• **SOURCE DATA**:
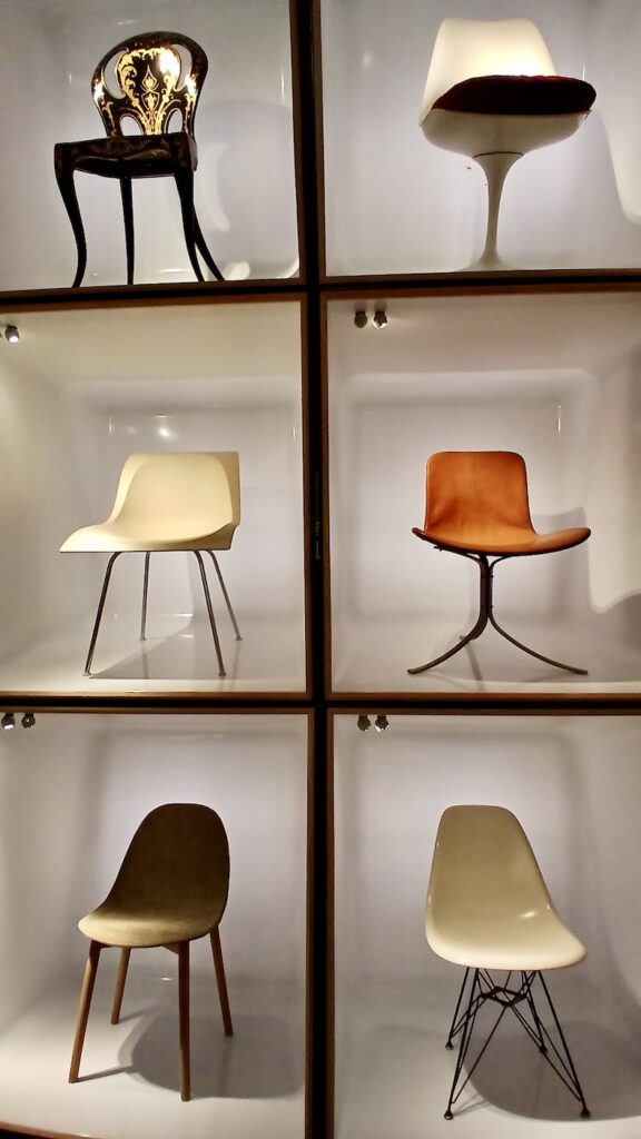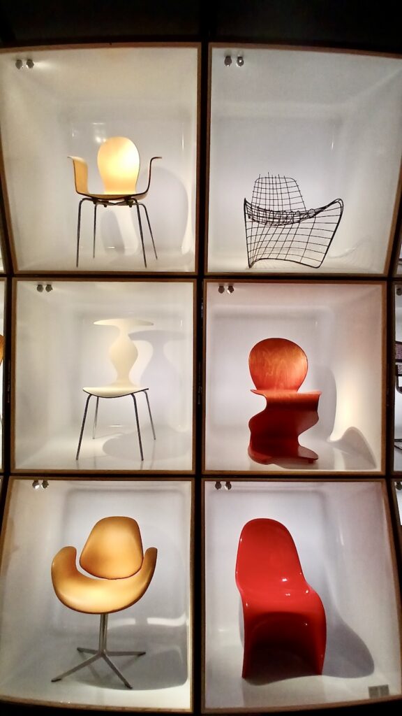 И Музей дизайна (Designmuseum Danmark). Тут есть очень любопытная экспозиция, посвященная дизайну моды, истории принтов и пряжек. А еще чудесная коллекция фарфора и светильников. И абсолютный восторг – история датских стульев: взрыв не только формы, но и цвета 🙂
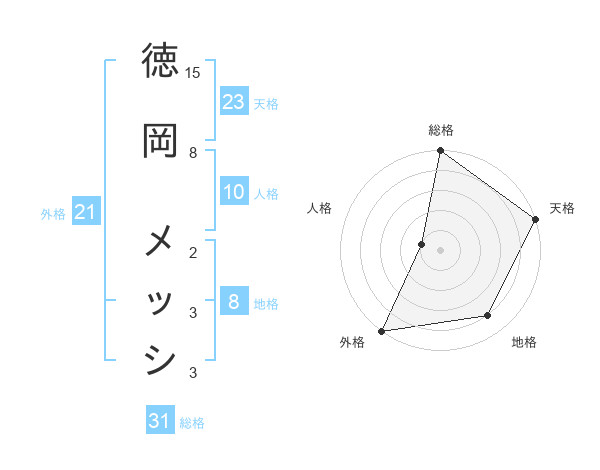 徳岡 メッシさんを姓名の画数から五運を鑑定
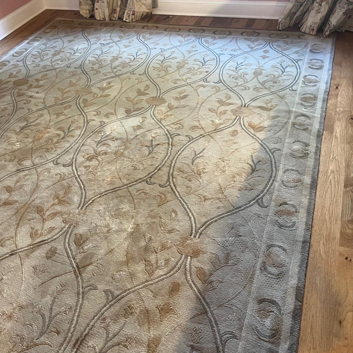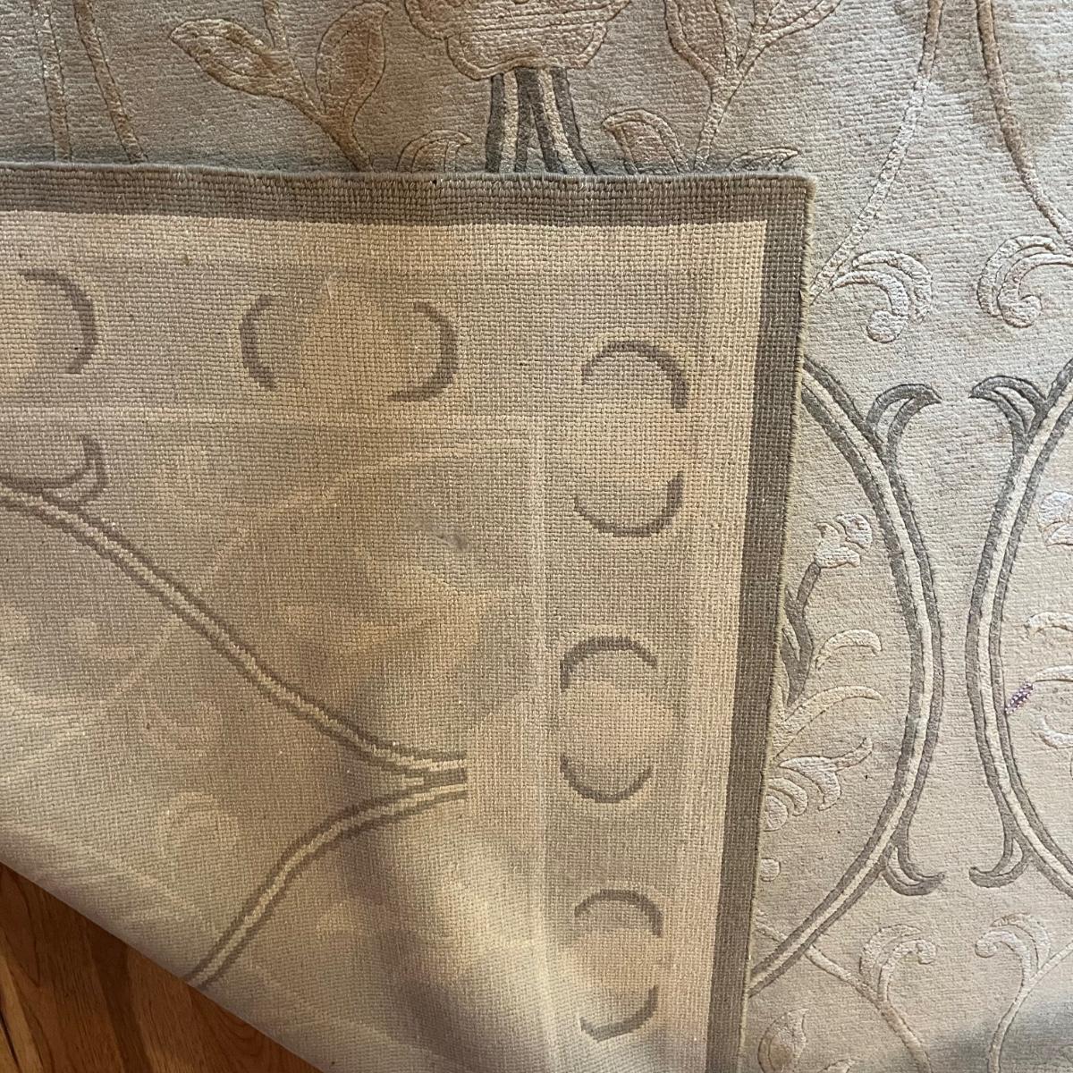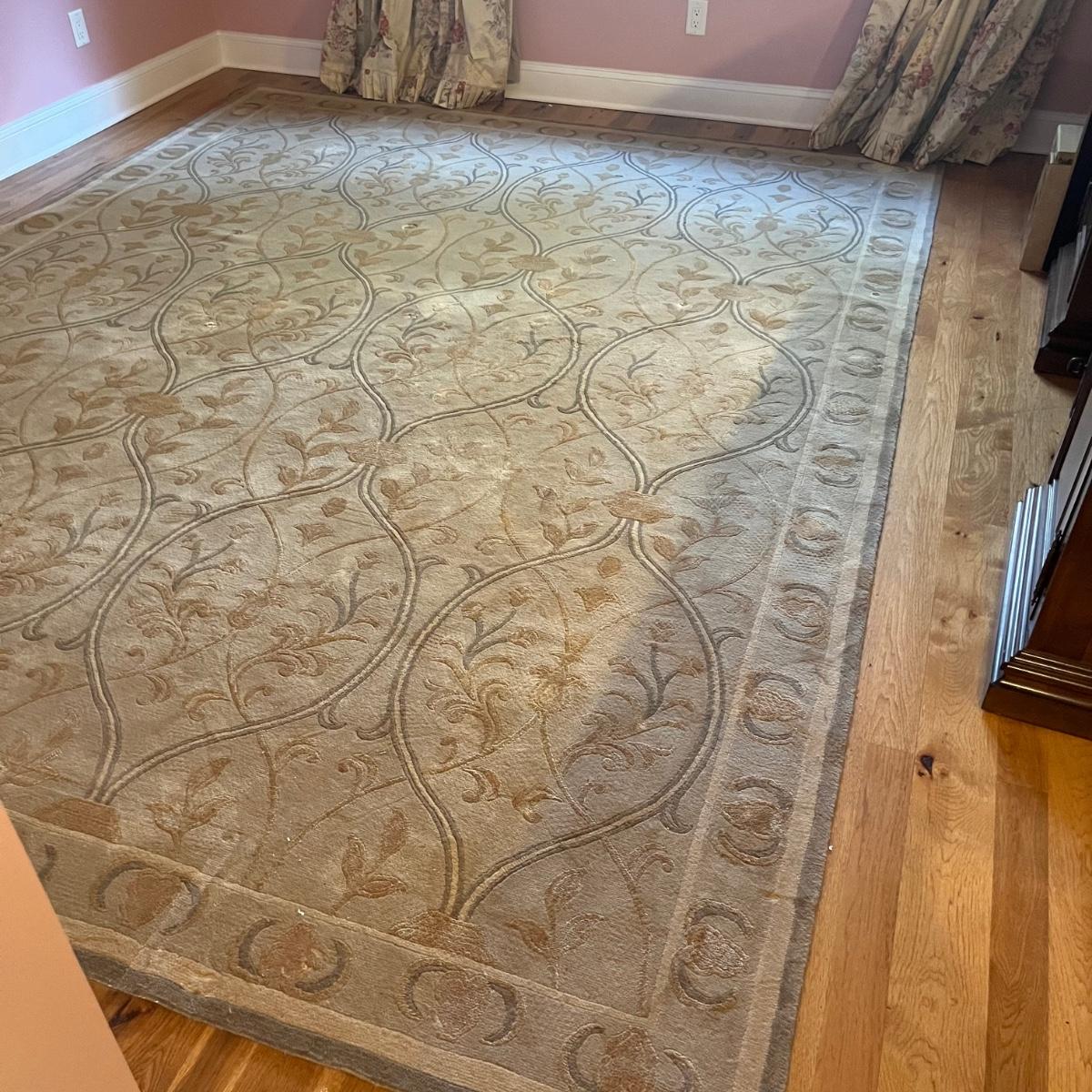 Lot includes a large neutral colored area rug. Rug measures 9’ 2” x 11’ 10”. Rug has some marks on it, see pictures. Rug is up one flight of stairs. The light area is the sun hitting the rug.
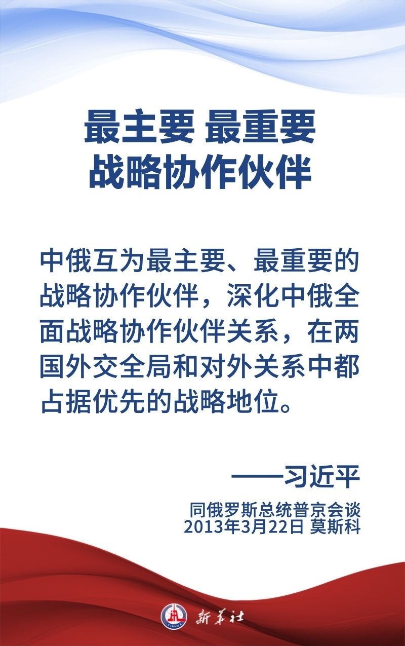 中俄關(guān)系歷經(jīng)風(fēng)雨,歷久彌堅(jiān),樹立了大國、鄰國永久睦鄰友好、全面戰(zhàn)略協(xié)作、互利合作共贏的典范。習(xí)近平主席和普京總統(tǒng)保持密切交往,為新時(shí)代中俄關(guān)系作出頂層設(shè)計(jì),提供戰(zhàn)略引領(lǐng)。在國事訪問等重要場合,習(xí)近平主席這樣論述中俄關(guān)系——

• **EXERCISE DIRECTIONS**: When you reach an image, pass over it, and retype all other material exactly.

• **ANSWER TO THIS PROBLEM**:
 И Музей дизайна (Designmuseum Danmark). Тут есть очень любопытная экспозиция, посвященная дизайну моды, истории принтов и пряжек. А еще чудесная коллекция фарфора и светильников. И абсолютный восторг – история датских стульев: взрыв не только формы, но и цвета 🙂
 徳岡 メッシさんを姓名の画数から五運を鑑定
 Lot includes a large neutral colored area rug. Rug measures 9’ 2” x 11’ 10”. Rug has some marks on it, see pictures. Rug is up one flight of stairs. The light area is the sun hitting the rug.
 中俄關(guān)系歷經(jīng)風(fēng)雨,歷久彌堅(jiān),樹立了大國、鄰國永久睦鄰友好、全面戰(zhàn)略協(xié)作、互利合作共贏的典范。習(xí)近平主席和普京總統(tǒng)保持密切交往,為新時(shí)代中俄關(guān)系作出頂層設(shè)計(jì),提供戰(zhàn)略引領(lǐng)。在國事訪問等重要場合,習(xí)近平主席這樣論述中俄關(guān)系——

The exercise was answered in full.